Help is coming to address one of the most important factors hammering the US housing market: the large number of home­owners at risk of foreclosure because their interest rates will soon reset upward.

The emerging plan – a voluntary effort to temporarily freeze mortgage interest rates for some – won't be a one-step fix for the nation's mortgage troubles, said Treasury Secretary Henry Paulson, who is coordinating the private-sector plan. But it would provide meaningful aid to as many as 1 million homeowners facing foreclosure.

It could also help the economy escape a possible recession next year. A rising tide of foreclosures has become a key force behind the unusual severity of the current housing downturn.

"There's no silver bullet," says Brian Bethune, an economist at Global Insight, a forecasting firm in Lexington, Mass. But reset relief "is going to help." In much of the nation, home prices have been declining over the past year after a historic run-up. The good news is that the decline is helping to make housing more affordable for buyers who had been priced out of the market. Over time, that should help restore a balance of supply and demand.

But right now, the economy faces some risks if home prices fall too far. The further prices fall, the greater the number of recent home buyers who will go "upside down," having homes that are worth less than the balance of their mortgage loans.

The result could be even more foreclosures – and more homes up for auction in an already glutted market.

Banks, already smarting from large losses tied to mortgage loans, could further restrict credit to new home buyers out of uncertainty about property values.

"The mortgage markets can't withstand that kind of pressure," Mr.
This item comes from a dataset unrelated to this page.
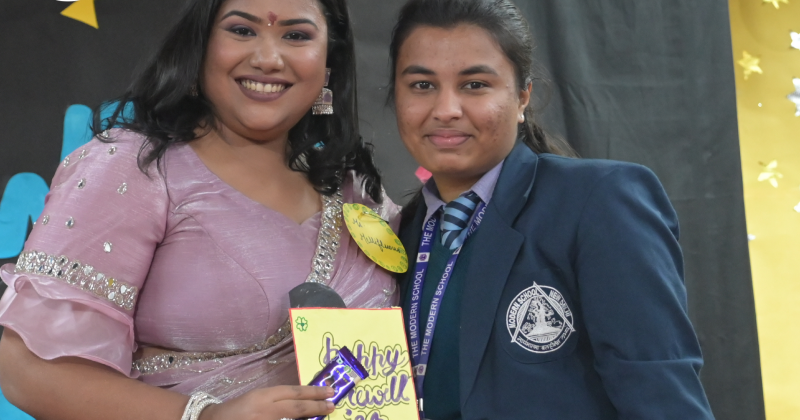 Recognition and appreciation were bestowed upon the students as the school Principal, Mr. Rajiv K Shrivastav, and Ms. Meera Malhotra, the Academic Coordinator, announced winners and adorned them with sashes and bouquets. Palak Tushir and Arnav Jain were honored with the titles of Ms. Modernite and Mr. Modernite respectively. Following a scrumptious lunch, the graduating students donned their gowns and caps for the Graduation Ceremony.

Bethune says.

Lenders have already been tightening credit standards in response to a shifting economic climate. They felt they could lend on easy terms when prices were rising, but with prices falling they have less appetite for risky loans.

Against this backdrop – rising borrower defaults and tighter bank credit – the Bush administration is under growing pressure to contain the economic fallout.

At a housing-related conference Monday, Secretary Paulson discussed the emerging plan to help at-risk borrowers.